During the course of the test, the bore hole or casing below the packer, and at least a portion of the drill pipe or tubing, is filled with formation fluid. At the conclusion of the test, this fluid must be removed by proper well control techniques to return the well to a safe condition. Failure to follow the correct procedures to kill the well could lead to a blowout.

b) Drilling Into an Adjacent Well

Drilling into an adjacent well is a potential problem, particularly offshore where a large number of directional wells are drilled from the same platform. If the drilling well penetrates the production string of a previously completed well, the formation fluid from the completed well will enter the wellbore of the drilling well, causing a kick.

If this occurs at a shallow depth, it is an extremely dangerous situation and could easily result in an uncontrolled blowout.

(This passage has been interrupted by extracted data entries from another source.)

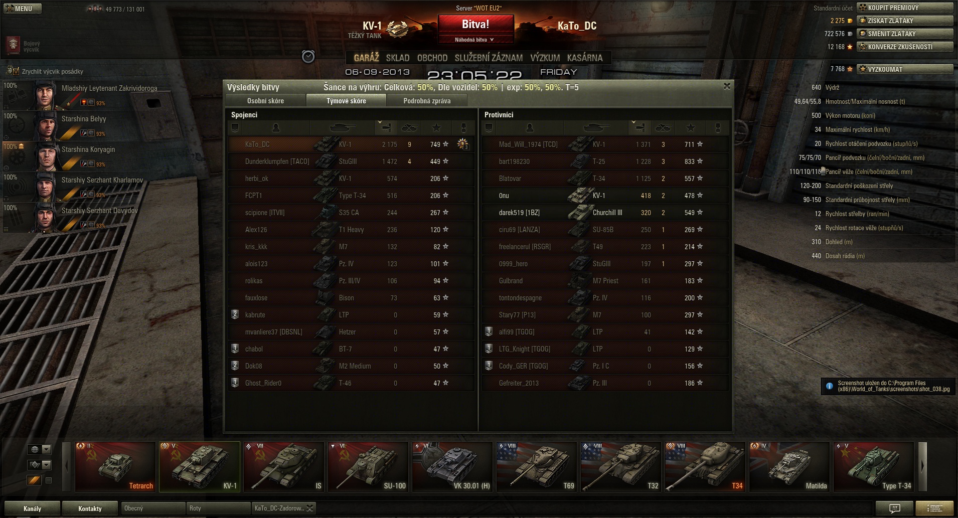 Když dostanete do týmu partu lemingů, nepomůže vám s KV ani svěcená voda a 10 zlatých nábojů (jinak ten Stug byl na hrotu "druhého" útoku, já se z cca třetiny mapy musel vrátit bránit bázi, bo mi útočný klín jednak ujel  a jednak se na obranu báze všichni vykašlali a začali ji obsazovat dva meďáci), ale bohužel když ke mě přijel nepoškozený  Churchill III s naklovanou KV, tak jsem si jen jednou cinknul do Churchila a pak definitivně shořel  pod jejich soustřelem: Attachment:
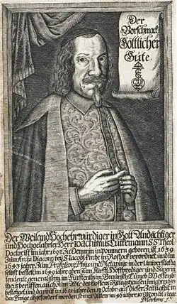 - ↑ Siehe dazu den Eintrag der Immatrikulation von Joachim Lütkemann im Rostocker Matrikelportal
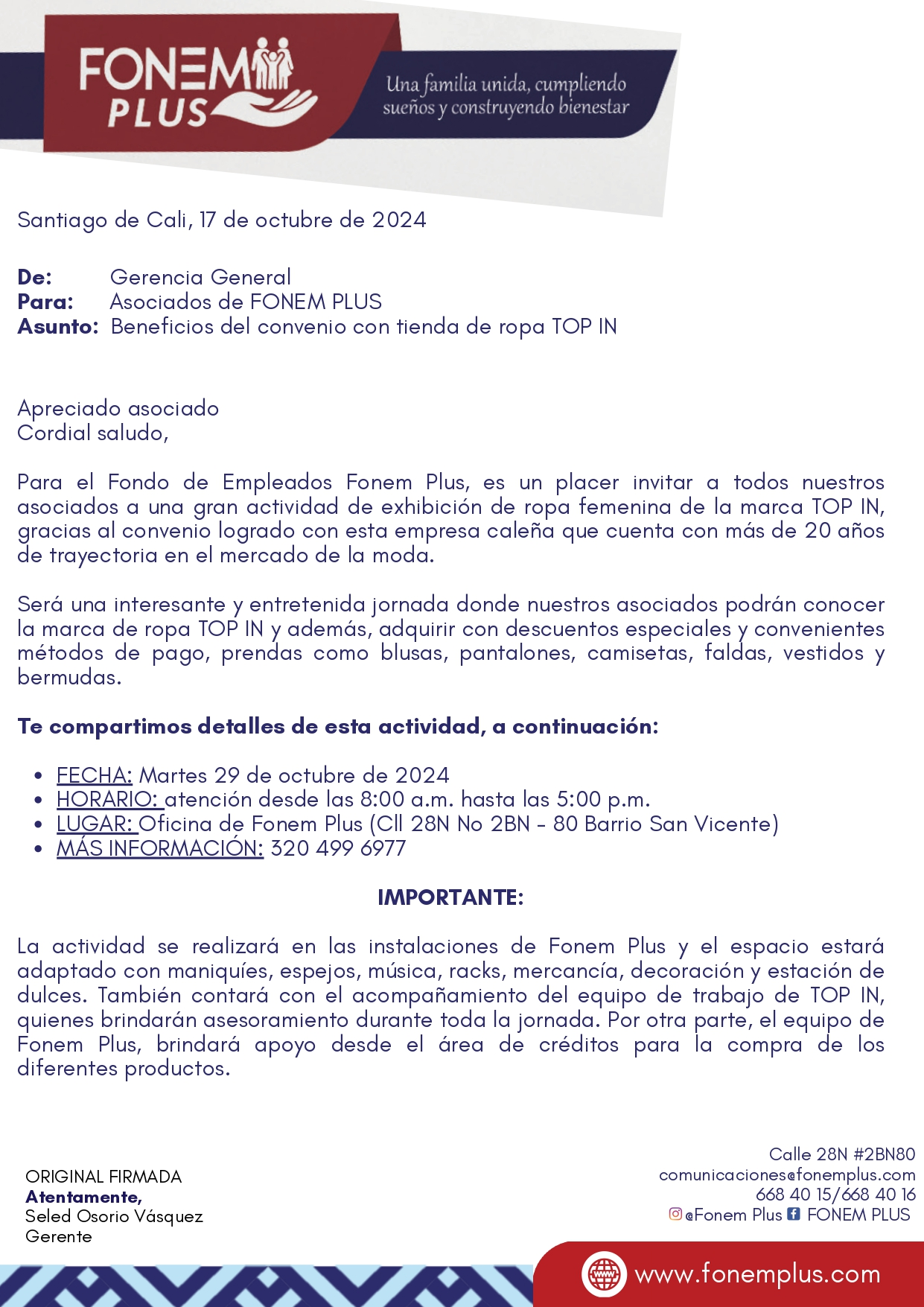 La marca de ropa TOP IN llegó a FONEM PLUS con hermosas prendas y grandes descuentos para asociados.

c) Excessive Drilling Rate Through a Gas Sand/Limestone

When drilling a gas bearing formation, the mud weight will be gas cut due to the gas breaking out of the pore space of the cuttings near the surface. The severity of the influx will depend on the penetration rate, porosity and permeability, and is independent of mud weight.

The importance attached to gas cutting is that gas is entering the wellbore in small quantities, which calls for caution. Degassing is necessary to ensure that good mud is being pumped back into the hole to prevent the percentage of gas from increasing with each circulation, which would allow greater and greater bottom hole hydrostatic pressure reductions.

Reduction in Hydrostatic Head Due to Gas Cutting of the Mud

Most of mud cutting is close to surface. Divert flow through choke manifold to prevent belching and to safely contain gas through mud gas separator. Time drill the gas cap to prevent severe gas cutting of mud.

Gas cutting alone does not indicate the well is kicking, unless it is associated with pit gain. Allowing the well to belch over the nipple could cause reduction in hydrostatic pressure to the point that the formation would start flowing, resulting in a kick.